Stamp: No, all my family are too busy with their own lives.
Whall: Alright. If I am going to provide care for you, I would need some form of housing security.
Stamp: I agree.
Whall: OK. If I work for you and help you manage your home, I would need housing security.
Stamp: Yes. I agree. You do need housing security.
Whall: I don’t want to be thrown out by your family. Can we put this in writing that I can live in the property after you die?
Stamp: Yes. I’ll sign whatever you want.”
-
The appellant in his affidavit deposed that in early 2012 he had the following conversation with the respondent:
“Whall: I would like to put something in writing that you would guarantee that I could stay in the property after you passed away.

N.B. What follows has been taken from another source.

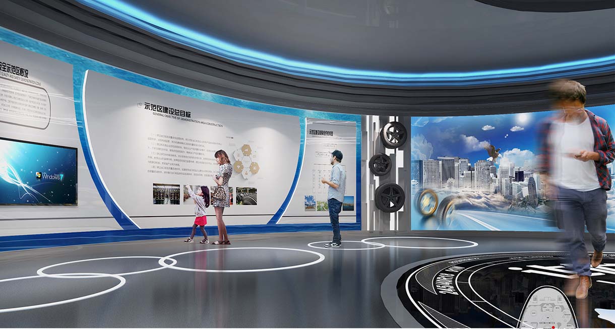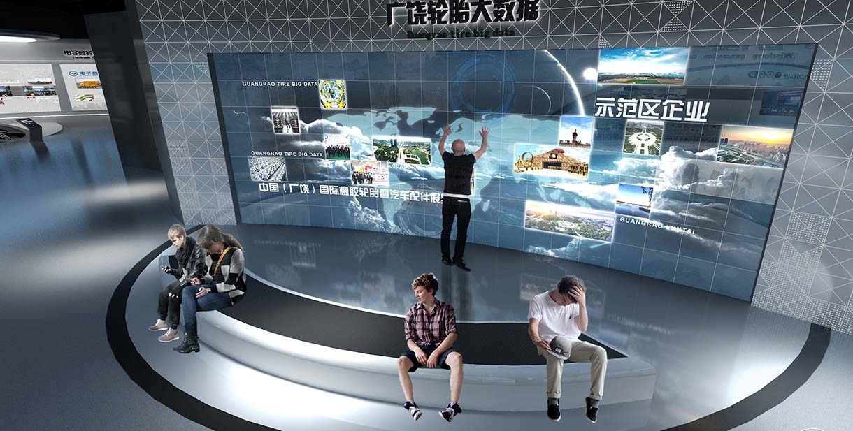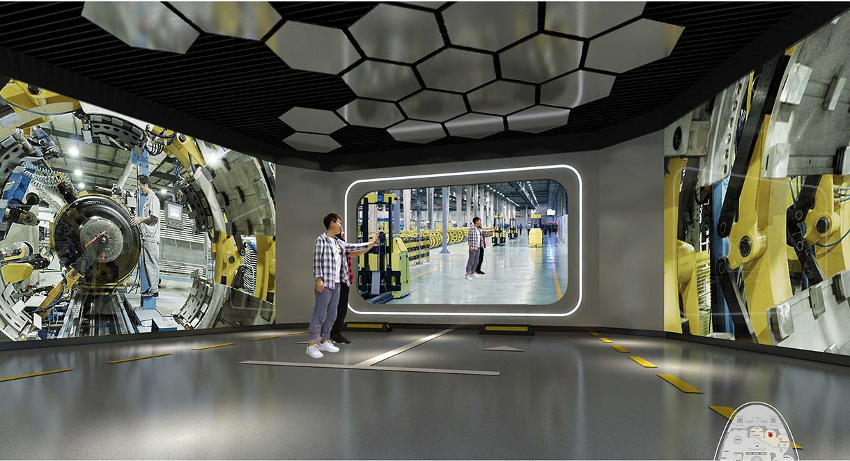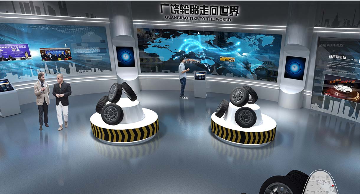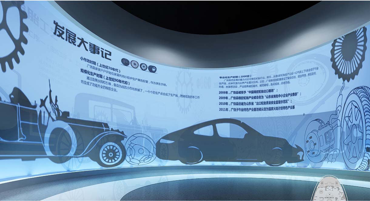通過影像播放裝置可以展現(xiàn)廣饒輪胎生產(chǎn)全過程、廣饒輪胎所獲榮譽(yù),充分展現(xiàn)廣饒輝煌成就,配合AR體驗(yàn)空間,使觀眾置身其中,親臨生產(chǎn)現(xiàn)成,了解廣饒輪胎生產(chǎn)流程,感受廣饒輪胎的生產(chǎn)精度。

Stamp: Yes. I will sign that document.”
-
The appellant in his affidavit deposed that in mid-2012 he had the following conversation with the respondent, in the presence of another friend, Ms McDonald:
“Whall: Because of all the work I am doing and support I’m giving, I can remain in the property continuously even after Audrey dies. I will be provided for.
McDonald: You should be given all the support and help that you give Audrey.
Stamp: Yes. That is a good idea. Yes he can stay. Thank you Arthur for all you do. You have somewhere to live for the rest of your life and you will be provided for.”
-
The appellant gave evidence of a conversation at the 2 April 2013 meeting referred to at [32] above with the respondent’s accountant, Mr Lo Surdo:
“Whall: Here is the draft list [of tasks done by the appellant for the respondent] Tony [Lo Surdo].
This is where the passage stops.